◆ WORK ITEM ◆
From the data below, return only the lines from the one with "В целях безопасности" through the one with "Akris Punto Stripe", exact and inclusive, with pictures left out.

◆ DATA FOR THE TASK ◆
____

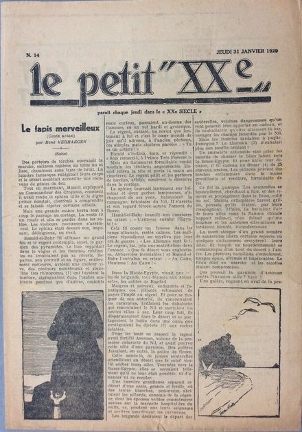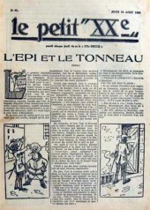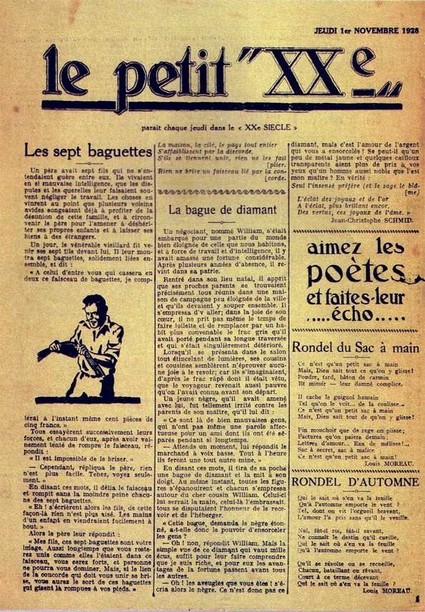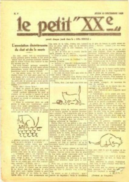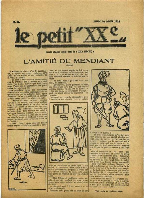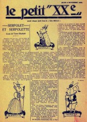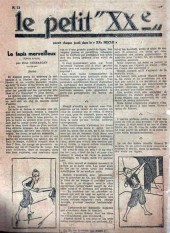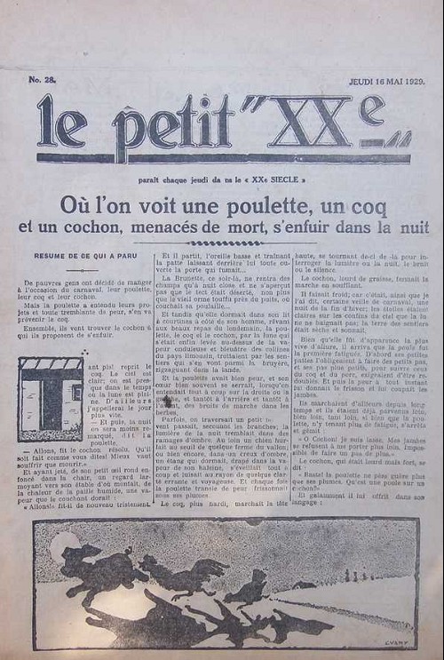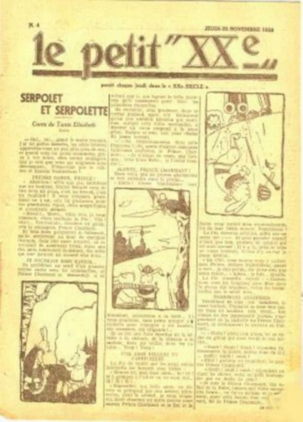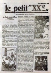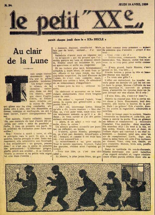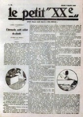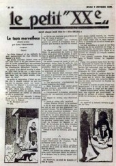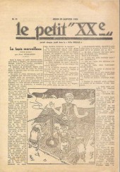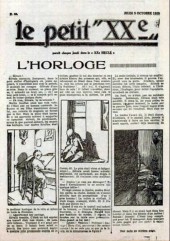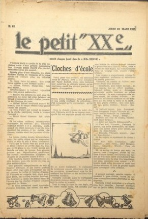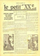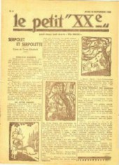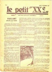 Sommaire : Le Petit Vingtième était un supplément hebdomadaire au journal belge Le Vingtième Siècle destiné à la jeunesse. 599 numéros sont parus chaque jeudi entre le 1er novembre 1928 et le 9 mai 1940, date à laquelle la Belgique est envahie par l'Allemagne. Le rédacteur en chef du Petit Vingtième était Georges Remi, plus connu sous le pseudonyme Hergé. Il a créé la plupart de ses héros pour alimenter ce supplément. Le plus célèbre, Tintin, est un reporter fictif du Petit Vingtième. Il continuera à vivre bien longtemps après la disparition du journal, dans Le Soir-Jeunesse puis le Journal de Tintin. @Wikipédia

____

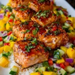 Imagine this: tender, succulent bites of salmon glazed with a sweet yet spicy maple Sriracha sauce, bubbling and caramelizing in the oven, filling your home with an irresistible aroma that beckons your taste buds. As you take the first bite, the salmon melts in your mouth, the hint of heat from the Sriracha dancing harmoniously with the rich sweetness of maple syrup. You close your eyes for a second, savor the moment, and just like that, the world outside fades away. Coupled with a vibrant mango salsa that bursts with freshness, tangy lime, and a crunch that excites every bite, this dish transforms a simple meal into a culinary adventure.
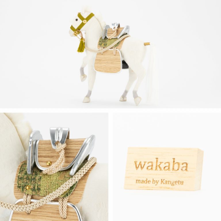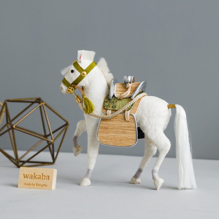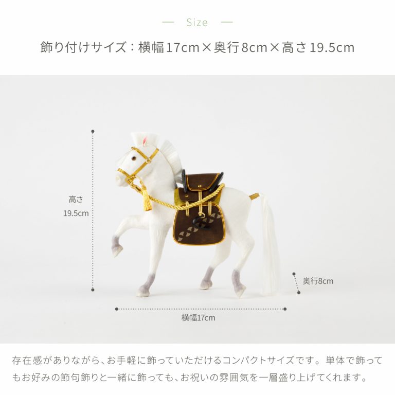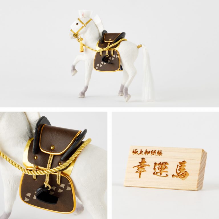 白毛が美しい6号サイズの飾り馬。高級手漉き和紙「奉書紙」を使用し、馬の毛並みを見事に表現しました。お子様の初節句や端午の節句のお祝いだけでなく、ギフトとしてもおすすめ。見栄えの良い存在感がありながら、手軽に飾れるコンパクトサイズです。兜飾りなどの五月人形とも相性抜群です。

____

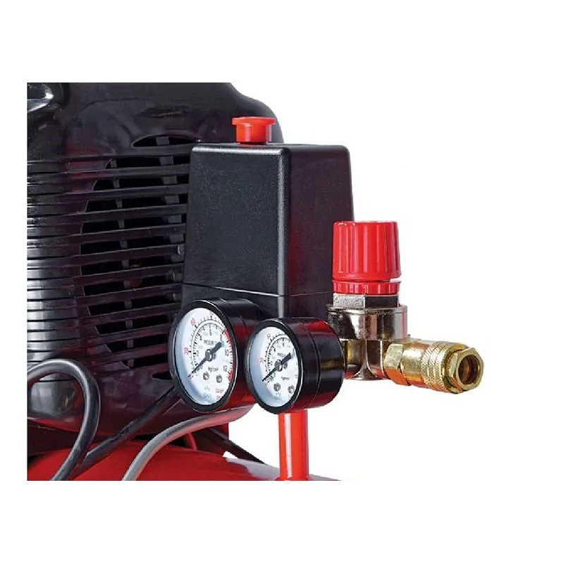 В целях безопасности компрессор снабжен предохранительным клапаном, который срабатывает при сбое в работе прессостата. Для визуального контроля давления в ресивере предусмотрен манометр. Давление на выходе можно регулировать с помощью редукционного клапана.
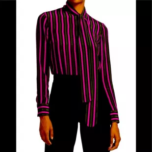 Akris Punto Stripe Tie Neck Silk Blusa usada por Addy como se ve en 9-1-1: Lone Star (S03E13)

____

◆ RESPONSE BELOW ◆
 В целях безопасности компрессор снабжен предохранительным клапаном, который срабатывает при сбое в работе прессостата. Для визуального контроля давления в ресивере предусмотрен манометр. Давление на выходе можно регулировать с помощью редукционного клапана.
 Akris Punto Stripe Tie Neck Silk Blusa usada por Addy como se ve en 9-1-1: Lone Star (S03E13)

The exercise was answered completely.